Comment 6 for bug 1773449

Revision history for this message
Ryan Beisner (1chb1n) wrote : Re: VMs do not survive host reboot

Three fronts to dig into:

1. Please also describe in more detail the procedure which is used to reboot the compute node(s). Is this a cold power-off? Is it `sudo reboot`? Or something else?

2. Typically when a nova compute node is rebooted, the instances on that compute node are not automatically started upon boot of the underlying host. This is as advised by my engineering team, and our support teams. This ensures that an operator is well-aware of a compute node which has rebooted. The compute node will come back up with all of its instances in a SHUTDOWN state. Once the compute node, and all of the corresponding services and storage components are confirmed as up, the operator should then start the nova instances. This is by design, default behavior.

What is not clear, is if this site has overridden that logic, attempting to automatically start nova instances upon server boot, or not. Please confirm and clarify this point on this deployment.
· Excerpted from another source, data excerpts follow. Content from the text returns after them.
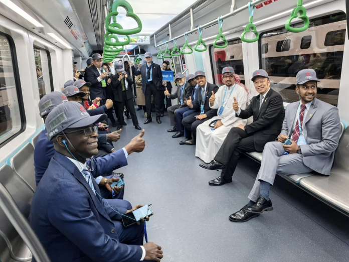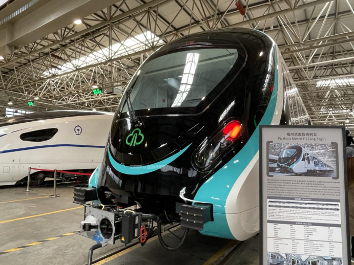 在中車唐山公司組裝事業部數字化調試產線的參觀中,可變編組動車組和福州濱海快線列車吸引了使節們的注意。在福州濱海快線列車的樣車里,車頂采用藍天白云照明,為乘客打造“沉浸式”的乘車環境;福州地鐵logo型的拉手高度適中,滿足當地人使用的個性化需求;橫縱座椅排布,設置大件行李柜,保證較大載客量的同時為長途乘客提供了舒適的乘坐體驗。同樣,考慮到福州濱海快線是連通火車站和機場的沿海地上線路,列車外機采用了耐腐蝕性及耐濕度的材料,以適應當地氣候。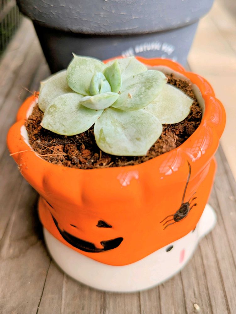 早速、うちにあったハロウィン🎃の入れ物に植え替えてあげましたとさ♬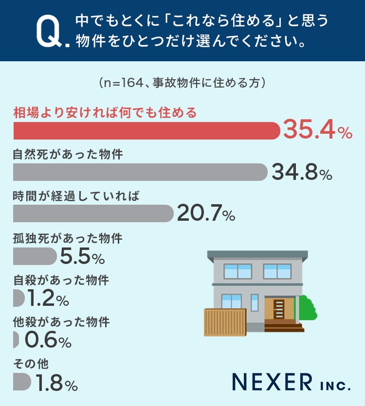 「相場より安ければ何でも住める」が35.4%、「自然死があった物件」が34.8%という結果になりました。

3. The next observation is that this appears to be a classic linux admin type issue (a server was rebooted and did not cleanly unmount a filesystem, therefore is grumpy on the next boot), indicated by the classic symptom:

Warning: fsck not present, so skipping root file system

[ 3.310173] EXT4-fs (vda1): INFO: recovery required on readonly filesystem

[ 3.311654] EXT4-fs (vda1): write access will be enabled during recovery

[ 5.419286] blk_update_request: I/O error, dev vda, sector 2048

[ 5.420745] Buffer I/O error on dev vda1, logical block 0, lost async page write

[ 5.422560] Buffer I/O error on dev vda1, logical block 1, lost async page write

[ 5.436351] blk_update_request: I/O error, dev vda, sector 3080

[ 5.437718] Buffer I/O error on dev vda1, logical block 129, lost async page write

[ 5.439603] Buffer I/O error on dev vda1, logical block 130, lost async page write

[ 5.441540] Buffer I/O error on dev vda1, logical block 131, lost async page write

[ 5.443487] Buffer I/O error on dev vda1, logical block 132, lost async page write

[ 5.445412] Buffer I/O error on dev vda1, logical block 133, lost async page write

[ 5.447183] Buffer I/O error on dev vda1, logical block 134, lost async page write

[ 5.454432] blk_update_request: I/O error, dev vda, sector 3136

[ 5.456074] Buffer I/O error on dev vda1, logical block 136, lost async page write

[ 5.464320] blk_update_request: I/O error, dev vda, sector 3176

[ 5.465891] Buffer I/O error on dev vda1, logical block 141, lost async page write

[ 5.481109] blk_update_request: I/O error, dev vda, sector 3208

[ 5.500706] blk_update_request: I/O error, dev vda, sector 3232

[ 5.515074] blk_update_request: I/O error, dev vda, sector 3424

[ 5.532104] blk_update_request: I/O error, dev vda, sector 3504

[ 5.547614] blk_update_request: I/O error, dev vda, sector 3632

[ 5.557725] blk_update_request: I/O error, dev vda, sector 4072

[ 6.726649] JBD2: recovery failed

[ 6.727554] EXT4-fs (vda1): error loading journal

[ 6.732916] VFS: Dirty inode writeback failed for block device vda1 (err=-5).

mount: mounting /dev/vda1 on /root failed: Input/output error

done.

We will await further detail to this and the other items referenced. Thanks for your help.